### Records supplied
------------------------------------------------------------------------
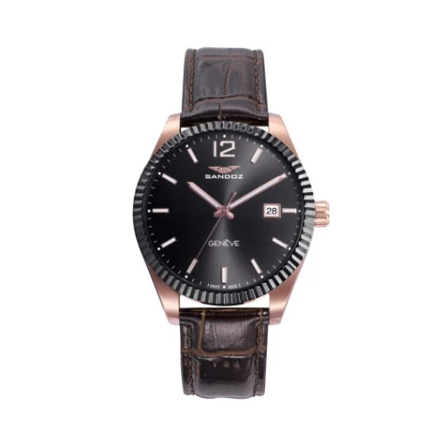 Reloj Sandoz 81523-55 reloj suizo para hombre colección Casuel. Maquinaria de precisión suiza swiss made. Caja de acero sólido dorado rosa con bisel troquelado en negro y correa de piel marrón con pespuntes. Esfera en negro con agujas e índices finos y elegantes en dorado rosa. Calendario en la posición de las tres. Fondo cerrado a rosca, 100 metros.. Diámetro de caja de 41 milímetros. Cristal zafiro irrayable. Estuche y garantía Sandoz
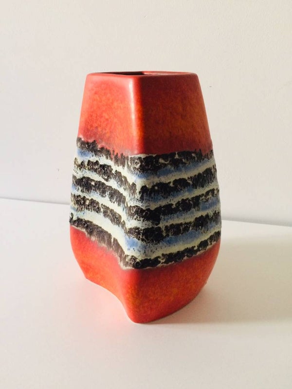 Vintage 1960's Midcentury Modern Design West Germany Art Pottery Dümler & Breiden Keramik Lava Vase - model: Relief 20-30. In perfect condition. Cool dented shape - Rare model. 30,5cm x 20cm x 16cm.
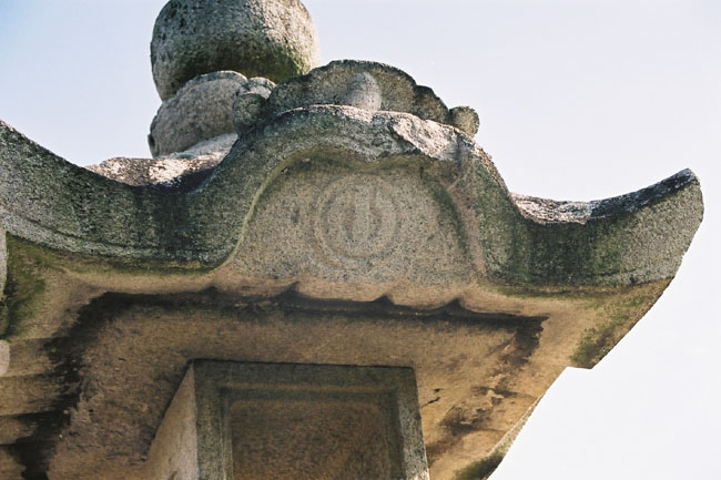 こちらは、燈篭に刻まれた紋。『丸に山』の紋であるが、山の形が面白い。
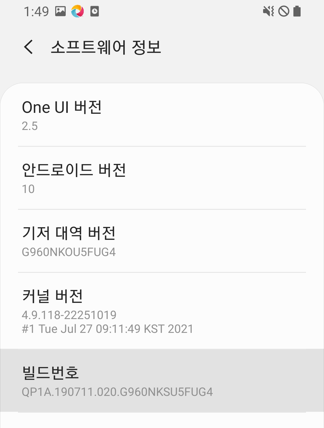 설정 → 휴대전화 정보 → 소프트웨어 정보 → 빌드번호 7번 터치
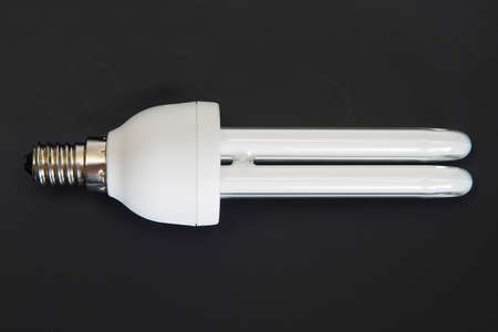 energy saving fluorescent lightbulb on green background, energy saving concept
------------------------------------------------------------------------
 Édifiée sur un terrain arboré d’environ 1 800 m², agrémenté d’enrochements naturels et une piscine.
------------------------------------------------------------------------
### The task
In the entries above, which lines run from the one with "Vintage 1960's Midcentury" up to and including the one with "energy saving fluorescent"? Write them out exactly, without the pictures.

### Response below
 Vintage 1960's Midcentury Modern Design West Germany Art Pottery Dümler & Breiden Keramik Lava Vase - model: Relief 20-30. In perfect condition. Cool dented shape - Rare model. 30,5cm x 20cm x 16cm.
 こちらは、燈篭に刻まれた紋。『丸に山』の紋であるが、山の形が面白い。
 설정 → 휴대전화 정보 → 소프트웨어 정보 → 빌드번호 7번 터치
 energy saving fluorescent lightbulb on green background, energy saving concept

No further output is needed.